1. 一个allocation的显存被释放后，他所在的block可以被重新被allocate.
1. 分配器尝试寻找能满足requested size的最小cached block，如果这个block 的大小大于requested size，那么这个block可以被split. 如果没有block了，那么分配器就会调用cudaMalloc向CUDA设备申请显存。
1. 如果cudaMalloc失败了，分配器会先尝试释放掉一个足够大的，且没有被split的cached block，并重新尝试allocate。
1. 大于1MB的allocation和小于等于1MB的allocation会被存储在不同的pool中。小的请求会放进2MB的buffer里，大的请求会先尝试使用最小的可用free block，或者用cudaMalloc申请一个新的block。
1. 为了减小碎片化，在所有可用block都没有充足的大小的时候，1MB到10MB的allocation会使allocator申请一个20MB的block，并在上面进行split；为了进一步减小碎片化，大于200MB的块则不能够被split。大于200MB的超大cached blocks仍可满足小于20MB的请求。

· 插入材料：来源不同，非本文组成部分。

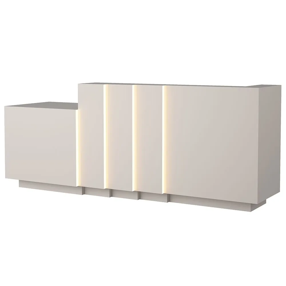 Auberge Reception Desk is the luxury hospitality reception desk, where elegance meets functionality with its modern stepped detail and integrated lighting. Size:  108"w x 24"d x 44" High (ADA & Work Counter 34").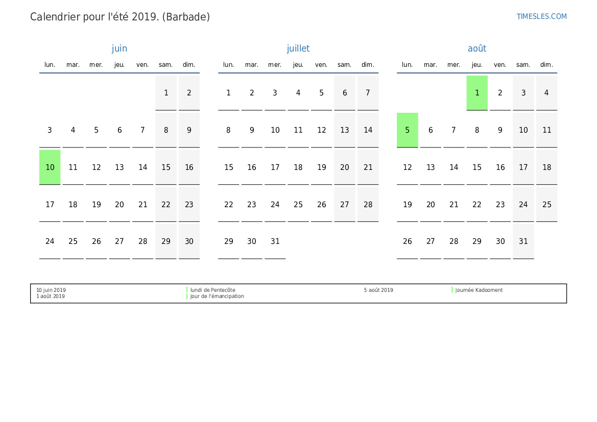 Téléchargez et imprimez le calendrier PDF avec les jours fériés et les week-ends pour l'été 2019 pour la Barbade

三. 变量拷贝到显存上时使用.to(device)和cuda()的区别

在实践中我发现对于一个相同的Tensor，使用to.(device)和cuda()两种方式将其移动的GPU上，造成的显存占用略有不同。
dbq我是蠢比，只用x.to(device)当然是不行的，因为之后没有用到过这个变量，Pytorch会自动将其释放，但是改成x=x.to(device)就没有问题了。

四. 尝试使用Nsight进行可视化分析。

首先尝试控制台调用nsys，参考该帖中的指令：https://dev-discuss.pytorch.org/t/using-nsight-systems-to-profile-gpu-workload/59：
nsys profile -w true -t cuda,nvtx,osrt,cudnn,cublas -s cpu --capture-range=cudaProfilerApi --stop-on-range-end=true --cudabacktrace=true -x true -o my_profile python main.py
后面根据我本机上的报错更换了指令，

unrecognised option ‘–cudabacktrace=true’，删除该命令行参数
–sample=cpu requires administrative privileges.，以管理员方式打开vscode
Illegal –trace argument ‘osrt’, Possible –trace values are one or more of ‘cuda’, ‘nvtx’, ‘opengl’, ‘opengl-annotations’, ‘vulkan’, ‘vulkan-annotations’, ‘dx11’, ‘dx11-annotations’, ‘dx12’, ‘dx12-annotations’, ‘wddm’ or ‘none’，把不在possible value里面的都删除。
Program not found: python，这个不知道是为什么，猜测与anaconda封装不同的python环境有关，因此增加python的绝对路径进行调用。
所以最后的控制台指令变为：
nsys profile -w true -t cuda,nvtx -s cpu --capture-range=cudaProfilerApi --stop-on-range-end=true -x true -o my_profile C:\Users\face\anaconda3\envs\py39\python.exe train_rnr_analysis.py

五. 网络映射盘的管理员权限问题：

但是又遇到了新的问题：在win10环境下，管理员权限下无法正确访问到网络映射盘。原因可能是因为：win10 的uac隔离更严格，普通用户权限创建的网络映射盘，管理员权限是无权访问的。
请教同学之后发现该服务器windows启动默认打开的是名为face的账户，真正的管理员用户Administrator是默认禁用的，可以在计算机管理取消禁用该用户后重新挂载网络映射盘，也可以管理员权限开启控制台，输入net use Y: \\192.168.16.73\exchange命令进行重新映射。
现在nsys终于跑起来了（orz。

六. The application terminated before the collection started.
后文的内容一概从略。